Game of Life · Optimal Solution

Encode transitions in-place, then decode.

Conway's Game of Life applies four rules simultaneously to every cell in a matrix to produce the next generation. Underpopulation: a live cell with fewer than 2 live neighbors dies. Survival: a live cell with 2 or 3 neighbors lives on. Overcrowding: a live cell with more than 3 neighbors dies. Reproduction: a dead cell with exactly 3 live neighbors becomes alive. The challenge: compute the next state in place, without an extra copy of the board.


Interactive

Watch the algorithm run


Concept

The Simultaneous Update Problem

If you update each cell immediately, later cells see a mix of old and new states when counting neighbors. A cell that should survive might die because its neighbor was already killed, or a dead cell might incorrectly spring to life because a neighbor was just born. Every cell must see the original generation, not the partially-updated board.
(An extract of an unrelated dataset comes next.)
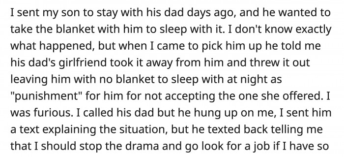 When OP came to pick him up, the three-year-old said his dad's girlfriend took the blanket from him and then threw it away. He slept without a blanket that night because his father's girlfriend was punishing him for not accepting the one she offered.

We need a way to record decisions without destroying the information that remaining cells still need to read.


Algorithm

Transitional Encoding

Transitional codes (−1 for dying, 2 for born) let us record decisions without destroying information that remaining cells need to read.

  1. 1

    Encode transitions

    For each cell, count its live neighbors using abs(value) == 1 to read original state. Mark dying cells as −1 and newborn cells as 2.

  2. 2

    Apply the rules

    Live cells with fewer than 2 or more than 3 neighbors → −1 (dying). Dead cells with exactly 3 neighbors → 2 (born). All others stay.

  3. 3

    Cleanup pass

    Sweep the entire board: convert positive values to 1, everything else to 0. The next generation is now in place.


Edge Cases

Why Abs(value) == 1?

Understanding boundary behavior is as important as the main algorithm path.

Why abs(value) == 1?

A dying cell holds −1, and abs(−1) = 1 — it still registers as originally alive. A newborn cell holds 2, and abs(2) ≠ 1 — it still registers as originally dead.

Border cells

Cells at the edges have fewer than 8 neighbors. The neighbor-counting loop must check array bounds — out-of-bounds neighbors simply don't exist.


Complexity

Complexity

Time: O(m × n) — two passes over the matrix.
Space: O(1) — encodings stored in-place.